◆ Required action ◆
Each entry must be given again exactly as it appears, with images excluded.

[Stored items from a collection]
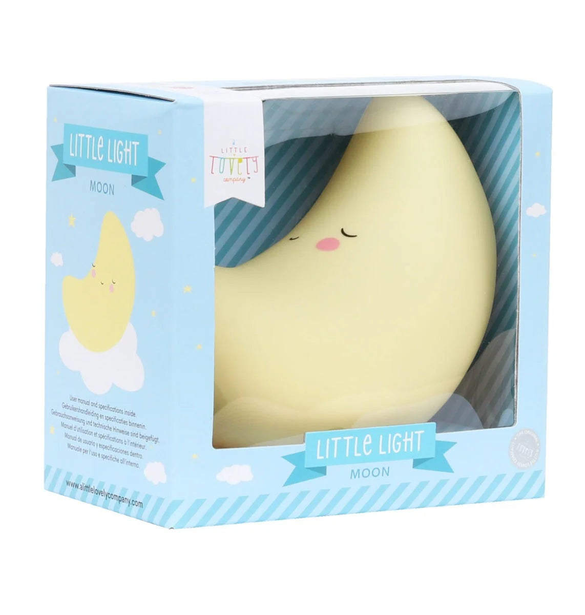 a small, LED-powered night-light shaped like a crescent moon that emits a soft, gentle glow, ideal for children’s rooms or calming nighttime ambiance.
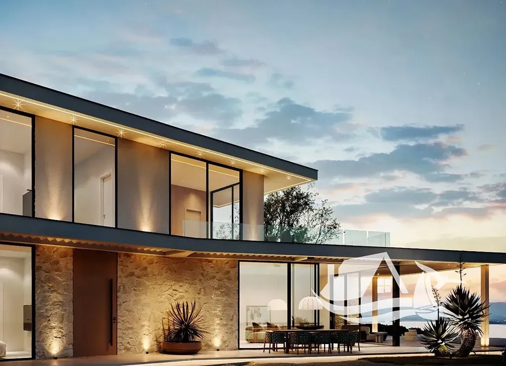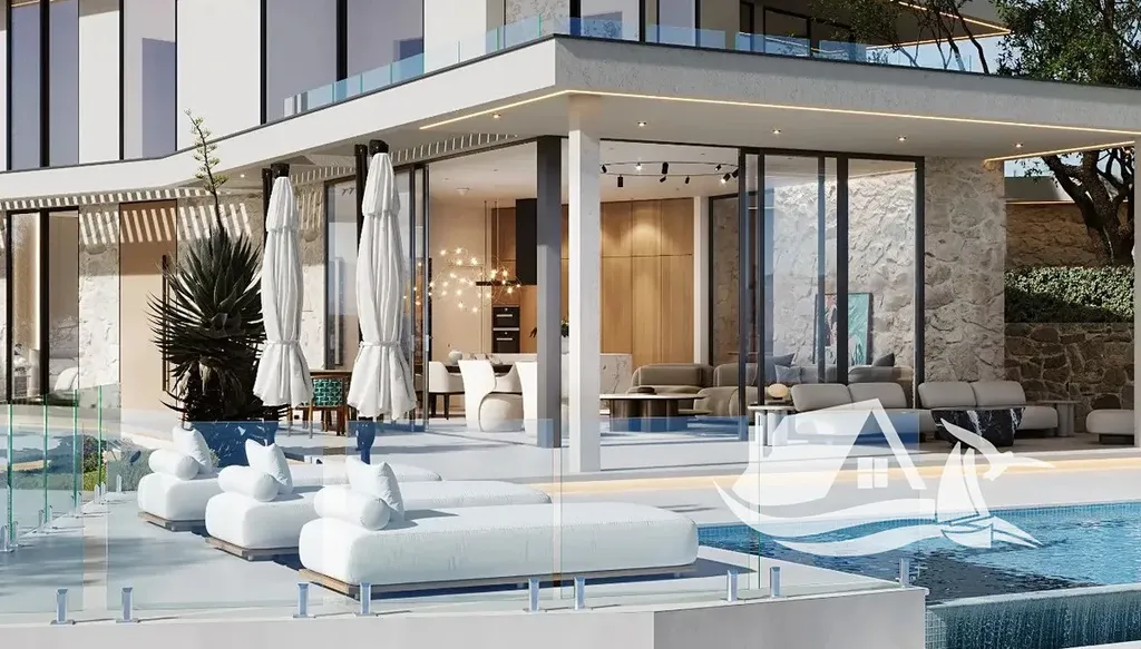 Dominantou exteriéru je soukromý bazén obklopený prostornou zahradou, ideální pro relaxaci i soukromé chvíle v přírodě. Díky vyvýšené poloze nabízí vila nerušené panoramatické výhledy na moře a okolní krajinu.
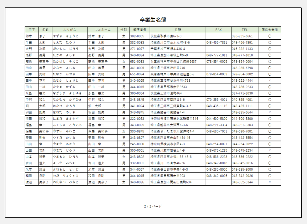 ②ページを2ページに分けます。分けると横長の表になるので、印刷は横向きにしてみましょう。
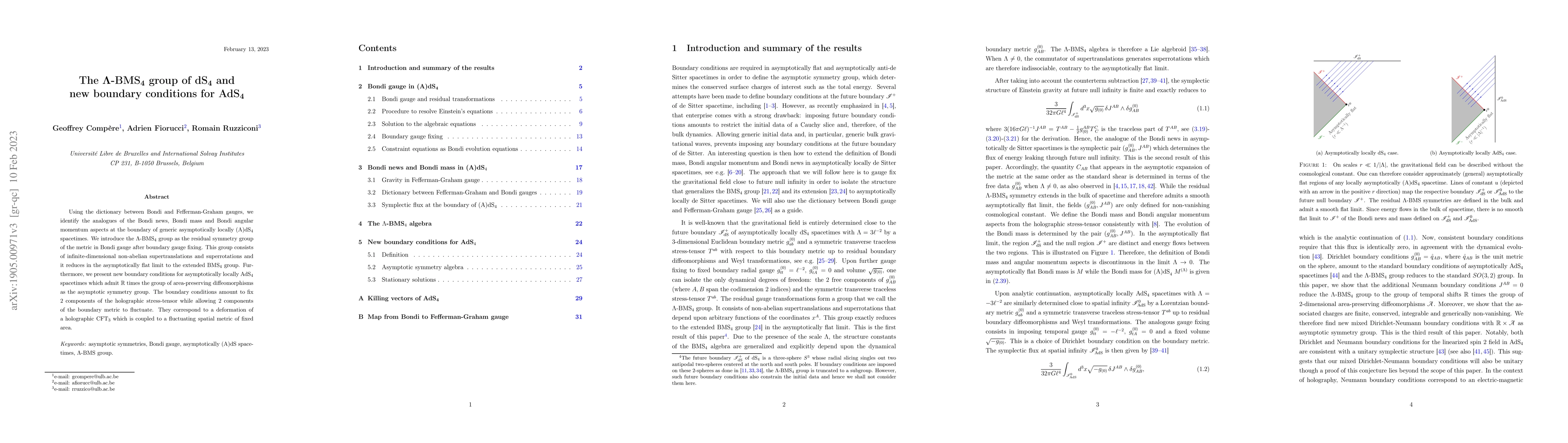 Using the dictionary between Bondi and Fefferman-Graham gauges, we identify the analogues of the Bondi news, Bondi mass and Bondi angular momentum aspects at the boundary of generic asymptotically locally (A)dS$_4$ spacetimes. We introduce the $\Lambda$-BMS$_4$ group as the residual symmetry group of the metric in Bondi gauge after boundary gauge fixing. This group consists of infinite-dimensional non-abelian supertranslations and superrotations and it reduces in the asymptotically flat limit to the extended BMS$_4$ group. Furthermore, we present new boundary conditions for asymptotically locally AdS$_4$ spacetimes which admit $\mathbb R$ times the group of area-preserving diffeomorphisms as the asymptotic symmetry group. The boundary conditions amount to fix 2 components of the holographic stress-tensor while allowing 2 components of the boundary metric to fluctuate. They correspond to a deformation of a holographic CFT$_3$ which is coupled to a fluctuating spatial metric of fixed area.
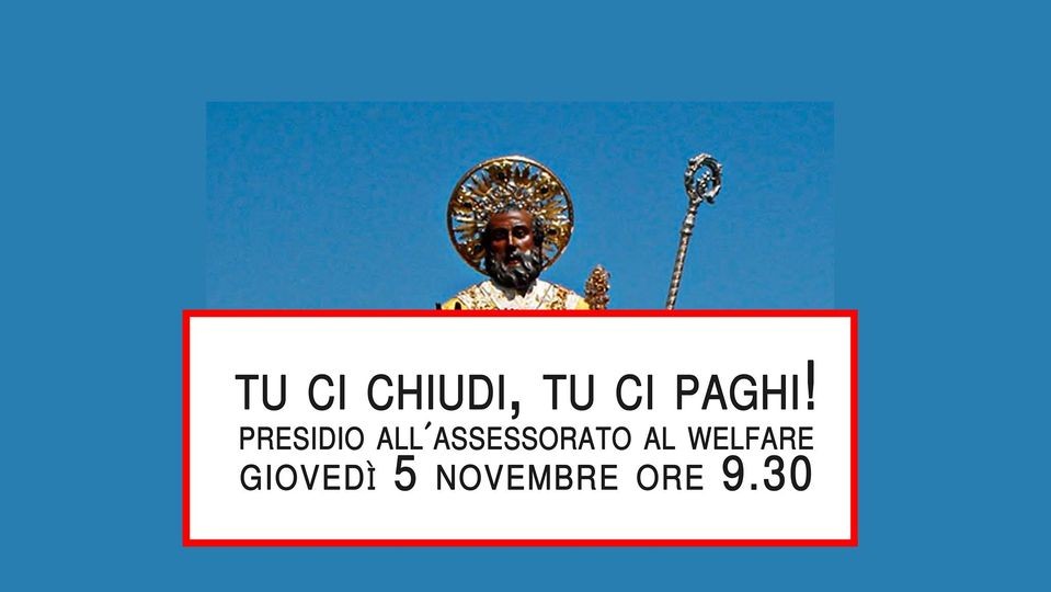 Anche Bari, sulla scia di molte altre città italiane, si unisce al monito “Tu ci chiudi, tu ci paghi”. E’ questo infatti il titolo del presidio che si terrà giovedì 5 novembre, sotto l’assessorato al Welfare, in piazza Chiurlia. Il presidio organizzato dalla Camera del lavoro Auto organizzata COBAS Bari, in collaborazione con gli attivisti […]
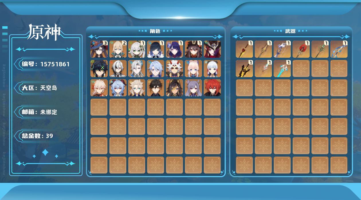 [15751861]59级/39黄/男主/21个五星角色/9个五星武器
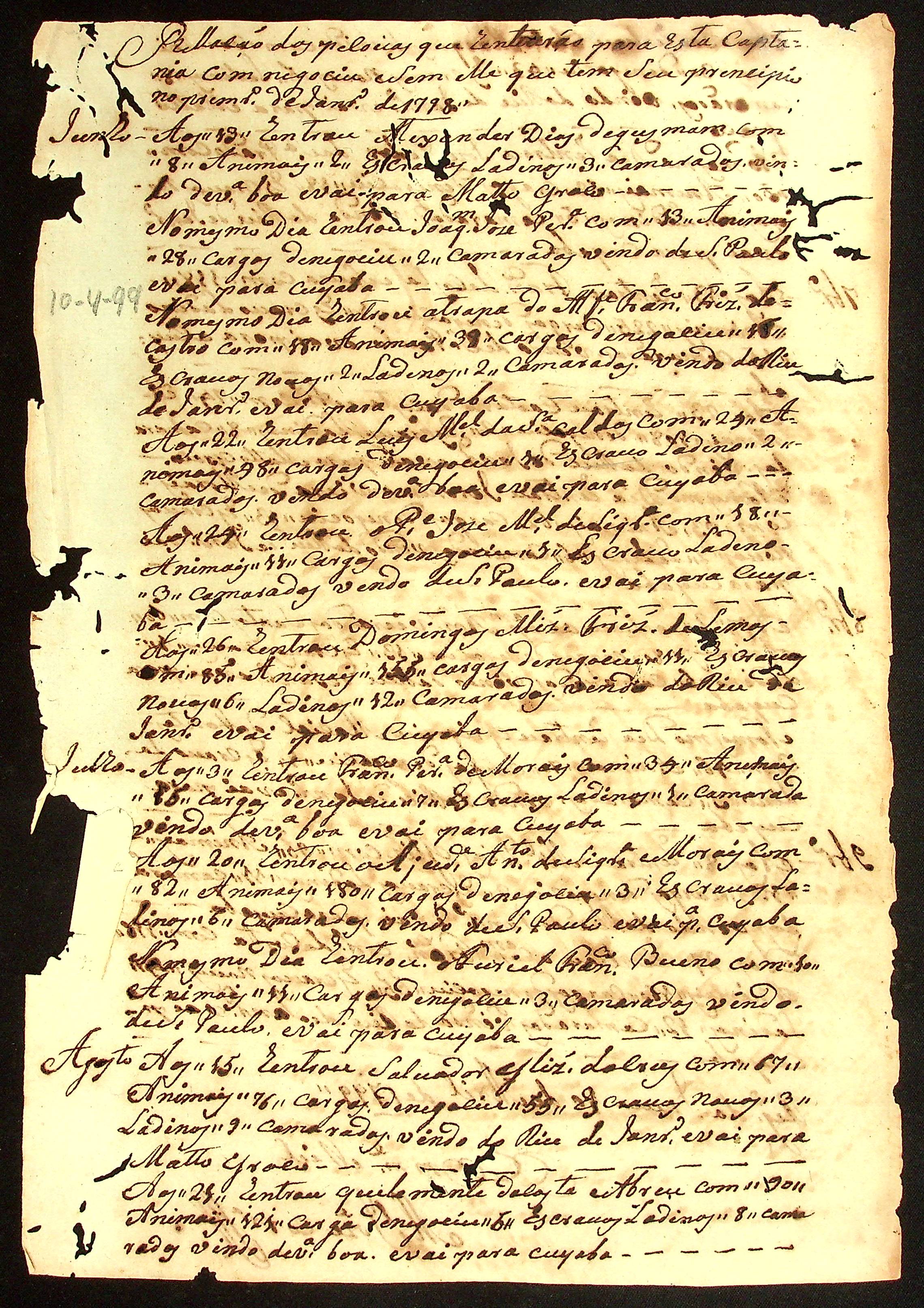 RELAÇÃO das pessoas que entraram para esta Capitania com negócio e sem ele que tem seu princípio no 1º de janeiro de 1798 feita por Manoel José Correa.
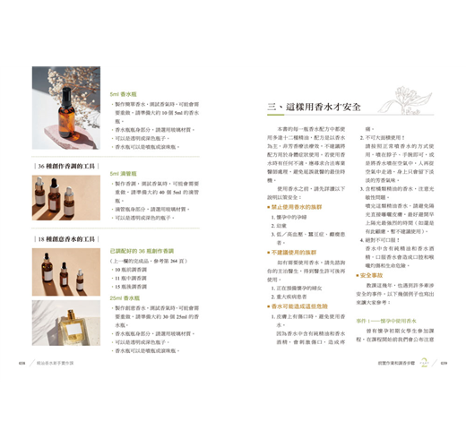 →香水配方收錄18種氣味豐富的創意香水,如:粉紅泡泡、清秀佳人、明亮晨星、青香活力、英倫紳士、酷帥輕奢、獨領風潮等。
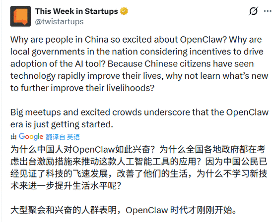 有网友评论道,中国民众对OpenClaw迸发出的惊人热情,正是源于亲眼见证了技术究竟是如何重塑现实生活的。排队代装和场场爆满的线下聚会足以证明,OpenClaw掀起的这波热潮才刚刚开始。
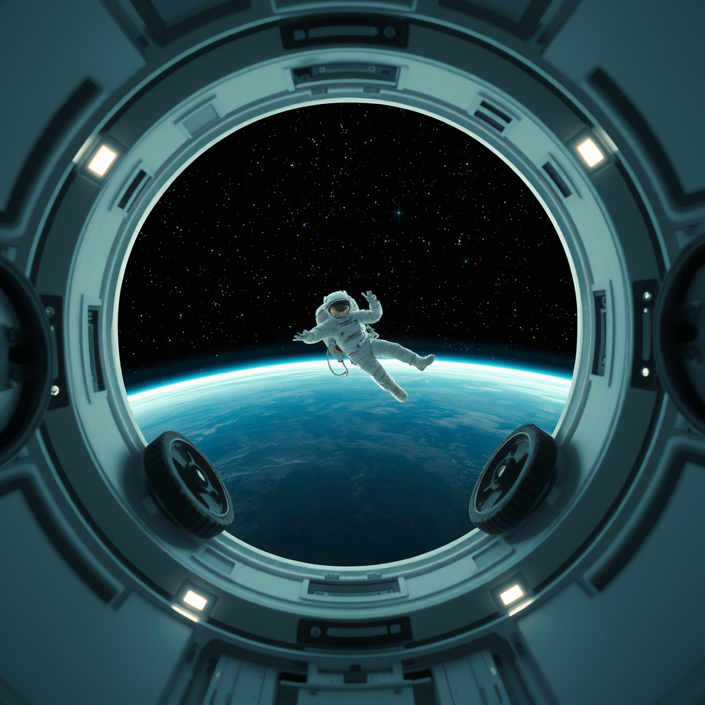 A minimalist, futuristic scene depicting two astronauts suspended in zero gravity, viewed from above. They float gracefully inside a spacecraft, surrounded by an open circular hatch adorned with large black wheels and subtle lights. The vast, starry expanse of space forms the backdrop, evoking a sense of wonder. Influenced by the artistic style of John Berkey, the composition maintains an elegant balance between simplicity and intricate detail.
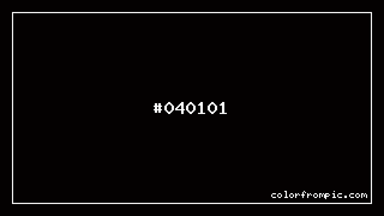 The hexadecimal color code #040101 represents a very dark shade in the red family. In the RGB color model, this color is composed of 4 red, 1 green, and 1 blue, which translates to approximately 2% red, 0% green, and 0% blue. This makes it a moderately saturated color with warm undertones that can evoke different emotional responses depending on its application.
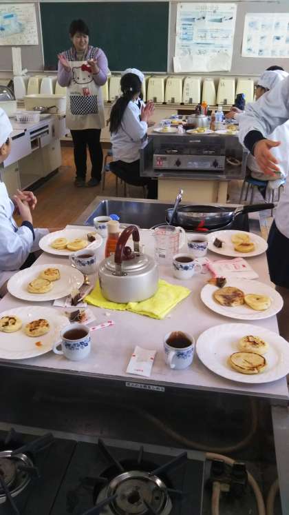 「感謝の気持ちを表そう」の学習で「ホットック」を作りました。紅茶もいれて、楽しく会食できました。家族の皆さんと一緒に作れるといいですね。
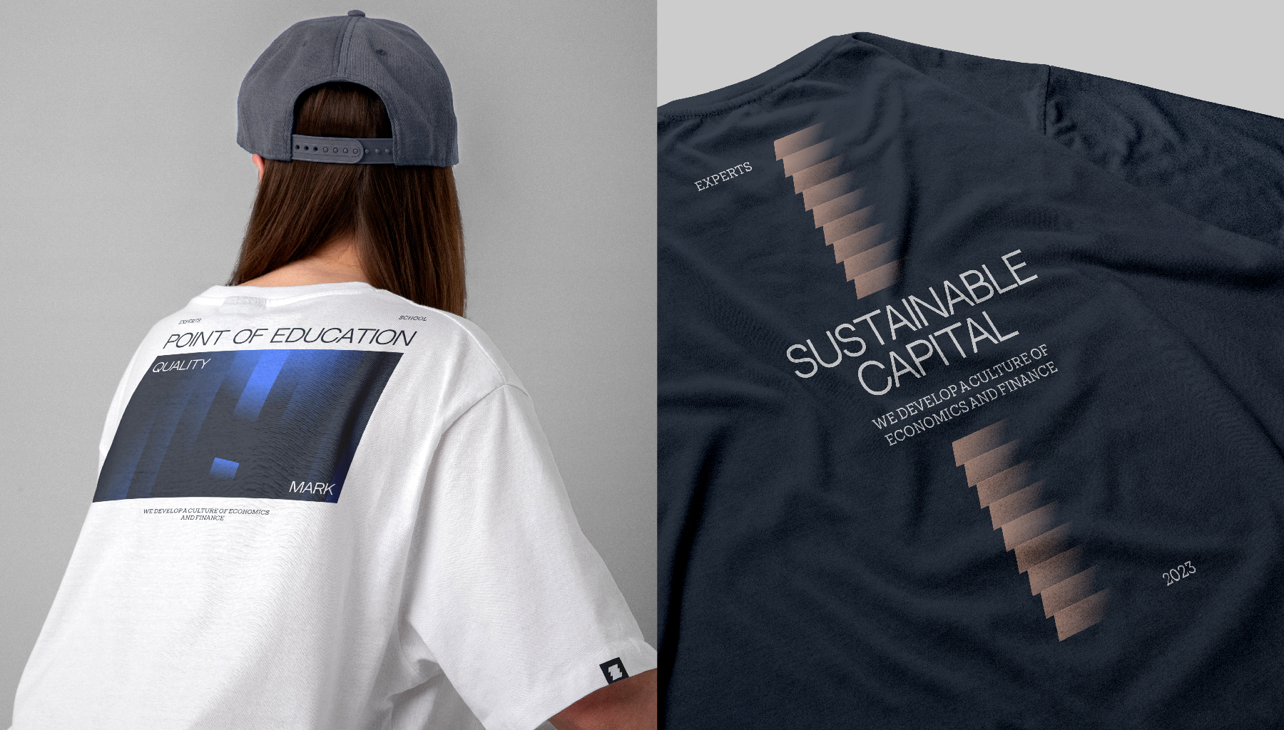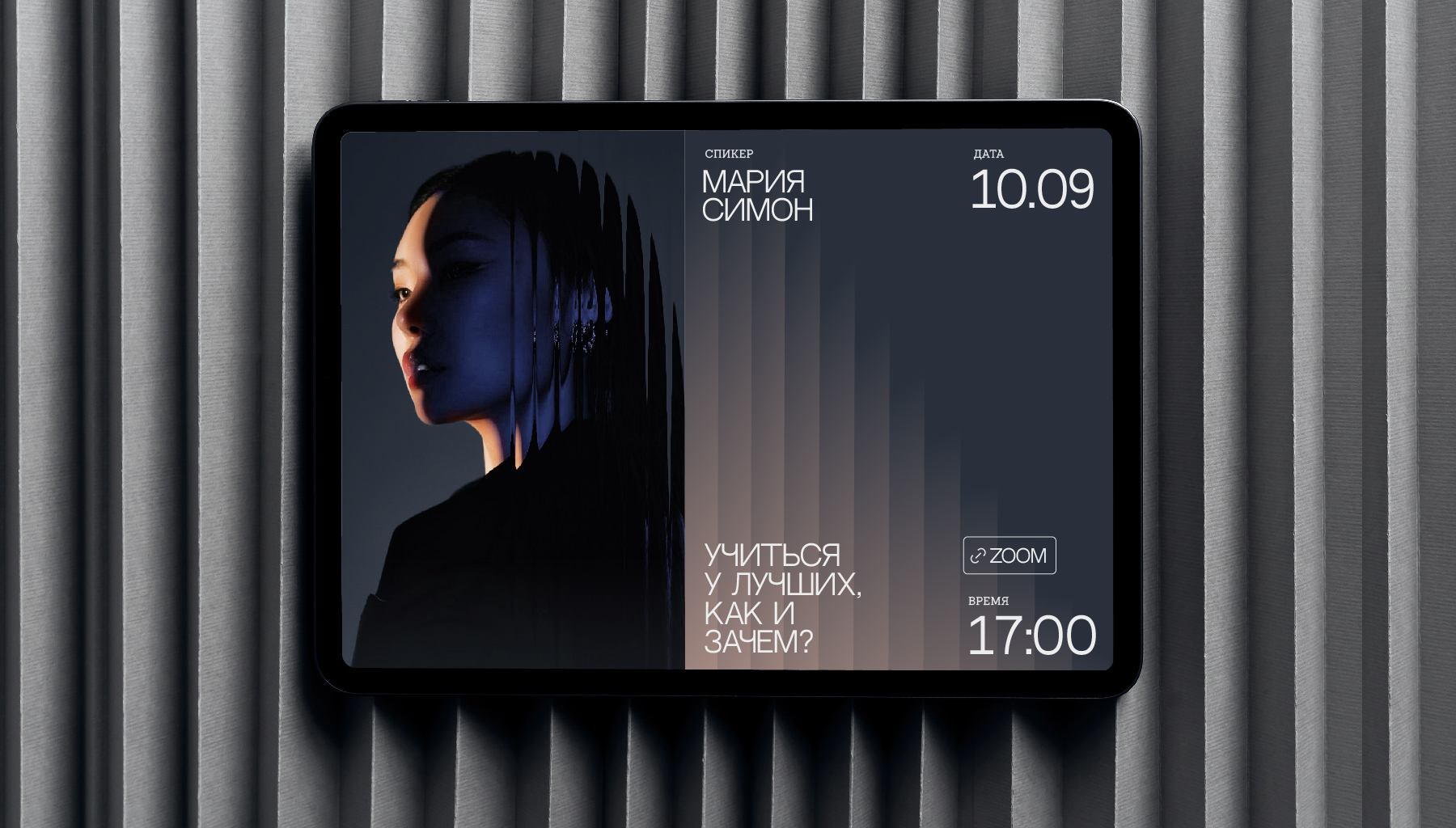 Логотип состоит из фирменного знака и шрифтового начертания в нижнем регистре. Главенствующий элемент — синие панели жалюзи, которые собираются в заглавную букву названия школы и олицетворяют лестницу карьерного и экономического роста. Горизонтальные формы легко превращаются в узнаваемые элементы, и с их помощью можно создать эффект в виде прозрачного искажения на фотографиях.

◆ Task response ◆
 a small, LED-powered night-light shaped like a crescent moon that emits a soft, gentle glow, ideal for children’s rooms or calming nighttime ambiance.
 Dominantou exteriéru je soukromý bazén obklopený prostornou zahradou, ideální pro relaxaci i soukromé chvíle v přírodě. Díky vyvýšené poloze nabízí vila nerušené panoramatické výhledy na moře a okolní krajinu.
 ②ページを2ページに分けます。分けると横長の表になるので、印刷は横向きにしてみましょう。
 Using the dictionary between Bondi and Fefferman-Graham gauges, we identify the analogues of the Bondi news, Bondi mass and Bondi angular momentum aspects at the boundary of generic asymptotically locally (A)dS$_4$ spacetimes. We introduce the $\Lambda$-BMS$_4$ group as the residual symmetry group of the metric in Bondi gauge after boundary gauge fixing. This group consists of infinite-dimensional non-abelian supertranslations and superrotations and it reduces in the asymptotically flat limit to the extended BMS$_4$ group. Furthermore, we present new boundary conditions for asymptotically locally AdS$_4$ spacetimes which admit $\mathbb R$ times the group of area-preserving diffeomorphisms as the asymptotic symmetry group. The boundary conditions amount to fix 2 components of the holographic stress-tensor while allowing 2 components of the boundary metric to fluctuate. They correspond to a deformation of a holographic CFT$_3$ which is coupled to a fluctuating spatial metric of fixed area.
 Anche Bari, sulla scia di molte altre città italiane, si unisce al monito “Tu ci chiudi, tu ci paghi”. E’ questo infatti il titolo del presidio che si terrà giovedì 5 novembre, sotto l’assessorato al Welfare, in piazza Chiurlia. Il presidio organizzato dalla Camera del lavoro Auto organizzata COBAS Bari, in collaborazione con gli attivisti […]
 [15751861]59级/39黄/男主/21个五星角色/9个五星武器
 RELAÇÃO das pessoas que entraram para esta Capitania com negócio e sem ele que tem seu princípio no 1º de janeiro de 1798 feita por Manoel José Correa.
 →香水配方收錄18種氣味豐富的創意香水,如:粉紅泡泡、清秀佳人、明亮晨星、青香活力、英倫紳士、酷帥輕奢、獨領風潮等。
 有网友评论道,中国民众对OpenClaw迸发出的惊人热情,正是源于亲眼见证了技术究竟是如何重塑现实生活的。排队代装和场场爆满的线下聚会足以证明,OpenClaw掀起的这波热潮才刚刚开始。
 A minimalist, futuristic scene depicting two astronauts suspended in zero gravity, viewed from above. They float gracefully inside a spacecraft, surrounded by an open circular hatch adorned with large black wheels and subtle lights. The vast, starry expanse of space forms the backdrop, evoking a sense of wonder. Influenced by the artistic style of John Berkey, the composition maintains an elegant balance between simplicity and intricate detail.
 The hexadecimal color code #040101 represents a very dark shade in the red family. In the RGB color model, this color is composed of 4 red, 1 green, and 1 blue, which translates to approximately 2% red, 0% green, and 0% blue. This makes it a moderately saturated color with warm undertones that can evoke different emotional responses depending on its application.
 「感謝の気持ちを表そう」の学習で「ホットック」を作りました。紅茶もいれて、楽しく会食できました。家族の皆さんと一緒に作れるといいですね。
 Логотип состоит из фирменного знака и шрифтового начертания в нижнем регистре. Главенствующий элемент — синие панели жалюзи, которые собираются в заглавную букву названия школы и олицетворяют лестницу карьерного и экономического роста. Горизонтальные формы легко превращаются в узнаваемые элементы, и с их помощью можно создать эффект в виде прозрачного искажения на фотографиях.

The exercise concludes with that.